To investigate the role of CtIP isomerization at the molecular and cellular level, we generated cell lines stably expressing siRNA-resistant GFP-tagged wild type or mutant CtIP, in which both S276 and T315 were changed to non-phosphorylatable residues (CtIP-2A). Importantly, we observed increased resection of DSBs and reduced NHEJ capacity in the mutant cells, reminiscent of Pin1-depleted cells. Hyper-resection of DNA ends was particularly evident when CtIP-2A mutant cells were irradiated in late S/G₂, supporting the notion that Pin1-mediated CtIP isomerization limits resection in a cell cycle-dependent manner. Our results may help explain why DSBs in G₂ are preferentially repaired by NHEJ, although both repair pathways are available.⁷

We detected increased CtIP protein levels after Pin1 depletion, or reduced amounts of CtIP upon Pin1 overexpression.

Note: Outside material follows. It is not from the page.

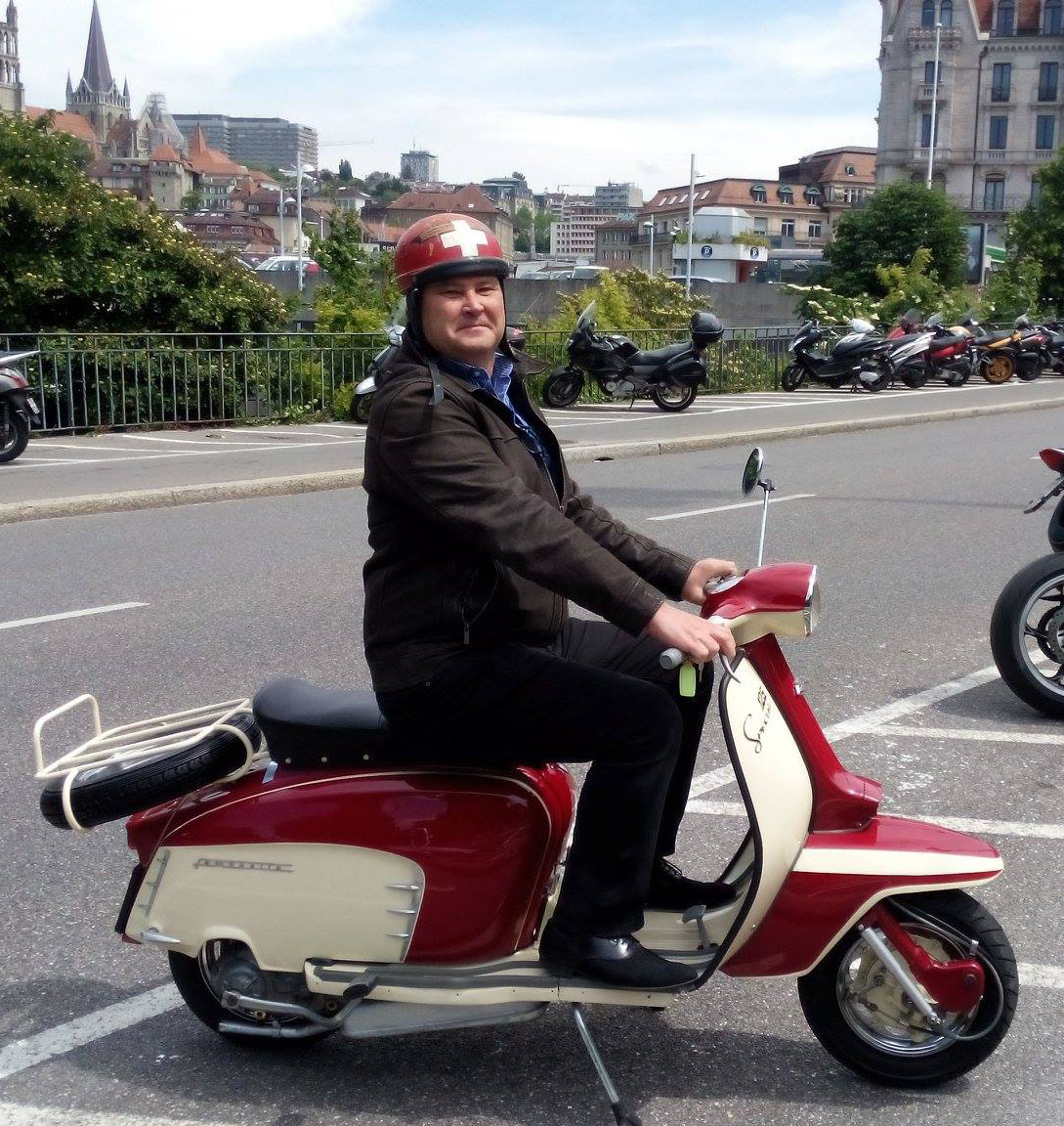 Didier, or to give him his full appellation “Lord Didier Coquoz” sent me this pic via the blog’s Facebook page. He’s astride his ’66 150 Special, and particularly proud of his original 1960’s helmet, hand painted by himself “when he was a kid, a couple of weeks ago!” You may spot that he is Swiss. That scooter (restored by lambrettista.ch) looks worthy of a few close ups!

Since prolyl isomerization by Pin1 was shown to regulate the stability of many of its target proteins, we speculated that Pin1 may accelerate CtIP turnover by promoting its proteasomal degradation. Indeed, CtIP polyubiquitination was severely compromised in both Pin1-depleted cells and in cells expressing the CtIP-2A mutant. This implies that CtIP is selectively polyubiquitinated upon isomerization by an as-yet-unidentified ubiquitin ligase.

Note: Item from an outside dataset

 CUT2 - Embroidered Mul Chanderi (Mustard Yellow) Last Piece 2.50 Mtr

Our data strongly link Pin1 to the DNA damage response, particularly in the regulation of DSB repair (Fig. 1). It remains to be seen whether other factors identified in our screen, such as BRCA1-BARD1 or 53BP1, key players in the regulation of DSB repair pathway choice⁸ that contain multiple phosphorylated S/T-P motifs, are also Pin1 targets.

Figure 1.

Model of Pin1-mediated restriction of DNA-end resection. During S/G₂ phase of the cell cycle, CtIP is phosphorylated at residue T315 by CDK2 and/or CDK1. This priming phosphorylation event is necessary for Pin1 binding to CtIP. Upon DSB formation, CtIP is further phosphorylated at residue S276 by an as-yet-unknown proline-directed kinase (e.g., MAPKs) and subsequently isomerized by Pin1. This conformational change promotes CtIP polyubiquitination, leading to its proteasomal degradation. In this way, Pin1 counteracts DNA-end resection and hence HR, thereby facilitating NHEJ. Our proteomics screen revealed that 53BP1 and BRCA1 could be additional Pin1 substrates. Due to their opposite roles in the regulation of DSB repair pathway choice, it will be interesting to determine whether Pin1-mediated isomerization may positively (53BP1) or negatively (BRCA1) modulate their functions in NHEJ and HR, respectively.